|Re: [eigen] FLENS C++ expression template Library has excellent documentation|
[ Thread Index |
| More lists.tuxfamily.org/eigen Archives
- To: eigen@xxxxxxxxxxxxxxxxxxx
- Subject: Re: [eigen] FLENS C++ expression template Library has excellent documentation
- From: Benoit Jacob <jacob.benoit.1@xxxxxxxxx>
- Date: Sat, 18 Apr 2009 10:00:29 -0400
- Dkim-signature: v=1; a=rsa-sha256; c=relaxed/relaxed; d=gmail.com; s=gamma; h=domainkey-signature:mime-version:received:in-reply-to:references :date:message-id:subject:from:to:content-type :content-transfer-encoding; bh=23LVbts1SFDoxU1j+Gh20AKnXba9IfOQp5OUqUgJGsQ=; b=o6Q0E53ICw42vhOkmIYoC2teegjhHNwZqZ/iJeZYJ0UfR/ccgrhc1+cI5ivtM4cNiZ NDIrVuv+nzoKqkJ17EdTXvqrmc9dXiWxlocFbqtmyDYtYwjF3cp/2VGTysrIN8wKwTld h8AHmmOePqp1ykvDTAhKc7RukCOyeIBgpGfX4=
- Domainkey-signature: a=rsa-sha1; c=nofws; d=gmail.com; s=gamma; h=mime-version:in-reply-to:references:date:message-id:subject:from:to :content-type:content-transfer-encoding; b=PHXZrJ1O5sx3SyGMvCLtTDAdyTPJnNdVLE9KAugpzAxJv6x/z/Tk9oOO6Vnq7uRWXC A2y94B/Wm1audONDENdq0bdYzihkBKepqt+fqk04/5YNOlQdOK11+pPYuZ6hIJpXoJY+ aHYkpeB2nfAFfU4DyVNoY96T8pwaUVa3zrhM8=
2009/4/18 Gael Guennebaud <gael.guennebaud@xxxxxxxxx>:
> On Sat, Apr 18, 2009 at 9:24 AM, Rohit Garg <rpg.314@xxxxxxxxx> wrote:
>>>> I was thinking of something like -DEIGEN_PARALLEL 4 (ie opt in
>>>> parallelization) at compile time to launch that many threads at
>>>> compile time. BLAS 1 should be trivial to parallelize and BLAS2
>>>> shouldn't be too difficult either.
>>> unfortunately no, the problem is that we need to be able to control
>>> that per expression, and we ave to come up with a good API for
>>> that.Since eigen is a pure template library we cannot have global
>>> states for that.
>> I see. Since the compiler is generating a lot of code for us, we need
>> to parallelize the = assignment operator as it is the one that does
>> all the actual calculations. I don't want to have global state either.

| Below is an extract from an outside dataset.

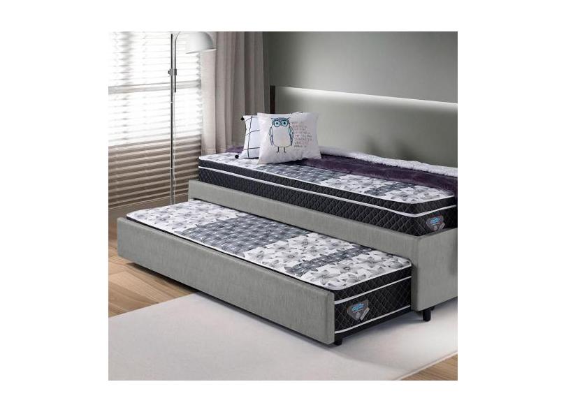 Bicama Box Solteiro 88x188 Cinza com Dois Colchões Gran Sleep Mola Ver
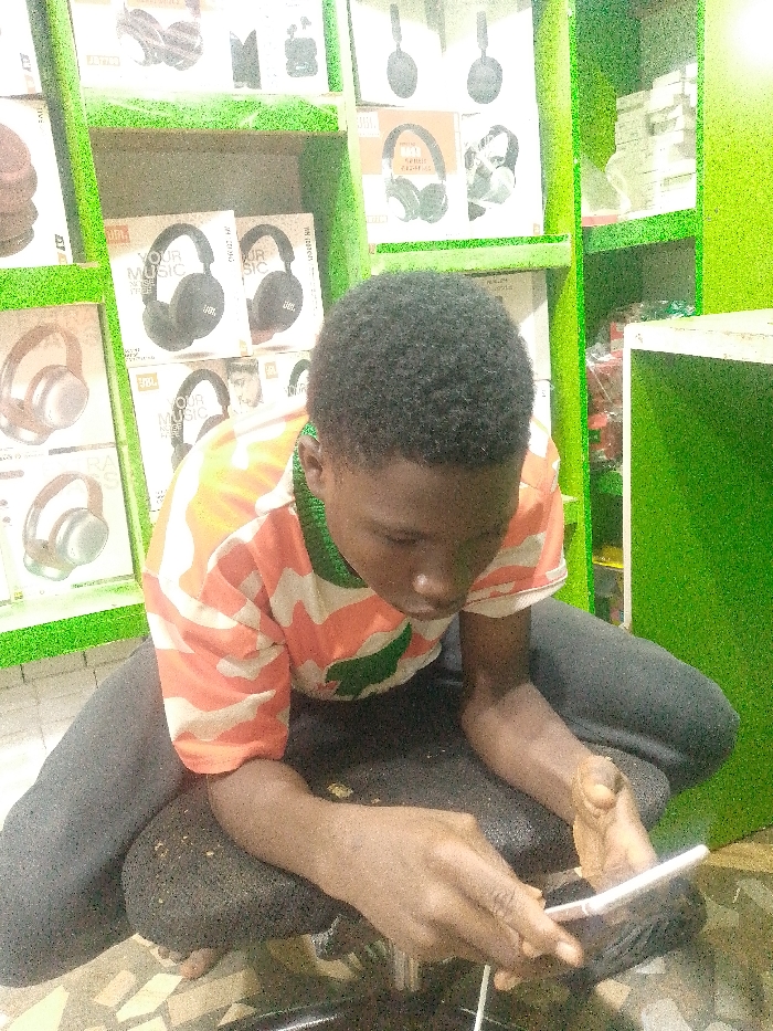 A young person is crouched down, absorbed in a smartphone screen. They are wearing a striped shirt and dark pants. The setting appears to be inside a shop, with shelves filled with boxes of headphones visible in the background. The area around the person is slightly cluttered and the overall lighting is muted, highlighting the phone as the primary focus of attention.

>> May be an eigen_parallel macro which just does omp_set_procs(). So all
>> the functions which are parallel are automatically parallelized w/o
>> user bothering about it. And it can be done per expression. Since
>> changing it per expression is kinda corner case, may be this is a good
>> starting point, at least for discussing what kind of API we want.
> yes, we have to study in more details the possibilities offered by
> openMP and how it behaves when nesting parallel loops
I agree; i think that a very important think to check is whether the
OpenMP state (e.g. omp_set_procs) is thread-local or not.
If it is, then I agree that macros as Rohit suggests may work.
Otherwise, even though Eigen is a pure template library, there is
perhaps something we can try to let it have its own thread-local state
(that should of course remain optional, only affect those who use
parallelization). The idea would be to store the state (e.g. number of
threads to use) in a thread-local variable, and perhaps provide macros
to let the user application declare that thread-local variable...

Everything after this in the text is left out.